We conducted a retrospective study that included 2451 consecutive COVID-19 patients with outcomes (discharge or death) between January 27, 2020, and March 30, 2020, from Sino-French New City Campus of Tongji Hospital and Optical Valley Campus of Tongji Hospital in China, who were diagnosed according to the 7th edition of the Diagnosis and Treatment Protocol of COVID-19 by the National Health Commission of the People’s Republic of China [15]. Exclusion criteria were (1) patients under 18 years old, or with pregnancy; (2) patients transferred from Fangcang hospitals for social-distancing; (3) patients died within 24 h of admission, and patients re-hospitalized or discharged for special reasons such as dialysis. Details of excluded patients were as follows: 80 cases without matched diagnosis, 216 cases from Fangcang shelter hospitals, 37 cases died within 24 h, and 42 cases under 18 years old, et al.

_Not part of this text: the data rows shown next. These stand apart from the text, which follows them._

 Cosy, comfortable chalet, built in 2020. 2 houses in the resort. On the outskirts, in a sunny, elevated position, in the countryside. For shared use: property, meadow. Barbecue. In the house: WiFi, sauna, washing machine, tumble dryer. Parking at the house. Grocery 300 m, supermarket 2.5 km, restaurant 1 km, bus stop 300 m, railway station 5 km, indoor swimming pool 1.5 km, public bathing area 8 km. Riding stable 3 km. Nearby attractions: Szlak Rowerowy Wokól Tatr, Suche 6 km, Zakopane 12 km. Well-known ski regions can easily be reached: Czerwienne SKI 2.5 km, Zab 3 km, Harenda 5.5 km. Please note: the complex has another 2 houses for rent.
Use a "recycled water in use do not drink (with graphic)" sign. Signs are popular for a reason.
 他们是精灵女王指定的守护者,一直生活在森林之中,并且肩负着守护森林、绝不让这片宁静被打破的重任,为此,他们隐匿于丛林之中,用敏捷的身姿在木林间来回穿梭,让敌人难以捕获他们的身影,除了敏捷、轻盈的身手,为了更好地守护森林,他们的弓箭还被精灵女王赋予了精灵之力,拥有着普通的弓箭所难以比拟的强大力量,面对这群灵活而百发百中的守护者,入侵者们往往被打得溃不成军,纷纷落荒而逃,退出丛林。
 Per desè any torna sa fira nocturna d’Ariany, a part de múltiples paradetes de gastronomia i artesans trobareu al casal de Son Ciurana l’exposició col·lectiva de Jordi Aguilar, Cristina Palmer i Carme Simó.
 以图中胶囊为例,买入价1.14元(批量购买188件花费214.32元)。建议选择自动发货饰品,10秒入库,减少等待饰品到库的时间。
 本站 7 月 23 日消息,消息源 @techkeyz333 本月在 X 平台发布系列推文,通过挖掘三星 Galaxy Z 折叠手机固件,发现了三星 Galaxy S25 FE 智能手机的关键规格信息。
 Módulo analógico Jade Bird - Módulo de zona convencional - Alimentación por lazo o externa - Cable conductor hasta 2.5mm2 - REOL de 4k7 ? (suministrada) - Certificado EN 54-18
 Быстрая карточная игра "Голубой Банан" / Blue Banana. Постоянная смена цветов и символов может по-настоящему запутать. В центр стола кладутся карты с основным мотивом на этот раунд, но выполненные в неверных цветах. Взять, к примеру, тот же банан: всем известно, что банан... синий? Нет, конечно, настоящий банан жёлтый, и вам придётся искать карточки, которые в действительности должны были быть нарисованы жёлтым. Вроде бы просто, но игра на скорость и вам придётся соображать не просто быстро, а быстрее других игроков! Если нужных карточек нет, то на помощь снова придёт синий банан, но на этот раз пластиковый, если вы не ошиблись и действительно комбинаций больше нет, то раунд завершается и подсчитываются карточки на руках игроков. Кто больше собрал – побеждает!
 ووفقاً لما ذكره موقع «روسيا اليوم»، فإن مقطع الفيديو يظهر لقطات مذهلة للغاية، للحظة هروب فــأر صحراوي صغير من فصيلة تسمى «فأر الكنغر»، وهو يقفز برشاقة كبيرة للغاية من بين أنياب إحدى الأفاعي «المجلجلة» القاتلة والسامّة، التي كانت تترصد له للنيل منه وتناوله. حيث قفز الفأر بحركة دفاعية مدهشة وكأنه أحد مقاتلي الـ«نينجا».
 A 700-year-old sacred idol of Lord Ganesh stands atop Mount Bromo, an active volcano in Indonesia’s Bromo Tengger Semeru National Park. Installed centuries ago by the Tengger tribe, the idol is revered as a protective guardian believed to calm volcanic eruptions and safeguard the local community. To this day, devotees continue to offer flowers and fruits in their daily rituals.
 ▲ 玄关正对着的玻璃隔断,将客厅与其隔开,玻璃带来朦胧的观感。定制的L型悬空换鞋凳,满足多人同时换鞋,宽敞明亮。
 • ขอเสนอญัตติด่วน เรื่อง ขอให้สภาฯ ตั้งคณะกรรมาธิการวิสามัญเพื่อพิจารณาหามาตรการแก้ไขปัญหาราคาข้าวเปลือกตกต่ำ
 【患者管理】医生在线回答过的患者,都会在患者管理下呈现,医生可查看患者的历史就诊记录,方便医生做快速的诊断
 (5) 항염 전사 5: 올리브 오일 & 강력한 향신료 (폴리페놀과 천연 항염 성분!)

As 375 patients were excluded, 2076 patients were finally included in this study and divided into three groups. Specifically, 50% and 50% of patients from Sino-French New City Campus of Tongji Hospital were randomly divided into the training cohort and the internal validation cohort. Patients from the Optical Valley Campus of Tongji Hospital were used as an external validation cohort. Critical illness was defined as admission to intensive care unit, undergoing invasive ventilation, or death [16]. A total of 36 raw immune/inflammatory parameters (natural killer [NK] cells count, NK cell percent, T-helper + T-suppressor lymphocyte [Th + Ts] percent, Th/Ts, Th + Ts count, [T + B + NK] count, [T + B + NK] percent, Th count, Th percent, Ts count, Ts percent, total B count, total B percent, total T lymphocyte-T-helper lymphocyte-T-suppressor lymphocyte [total T-THS], total T count, total T percent, complement 3 [C3], complement 4 [C4], ferritin, lymphocyte [LYM] count, lymphocyte [LYM] percent, C reactive protein, procalcitonin, interferon-γ [IFN-γ], tumor necrosis factor α [TNF-α], interleukin-1β [IL-1β], interleukin-2 receptor [IL-2R], interleukin-4 [IL-4], interleukin-6 [IL-6], interleukin-8 [IL-8], interleukin-10 [IL-10], immunoglobulin A [IgA], immunoglobulin G [IgG], immunoglobulin M [IgM], SARS-CoV-2 specific antibody IgM [C-IgM], and SARS-CoV-2 specific antibody IgG [C-IgG]) were collected from electronic medical records at admission. These features were collected using the same pre-designed data collection table across cohorts. Trained researchers entered and double-checked the data independently.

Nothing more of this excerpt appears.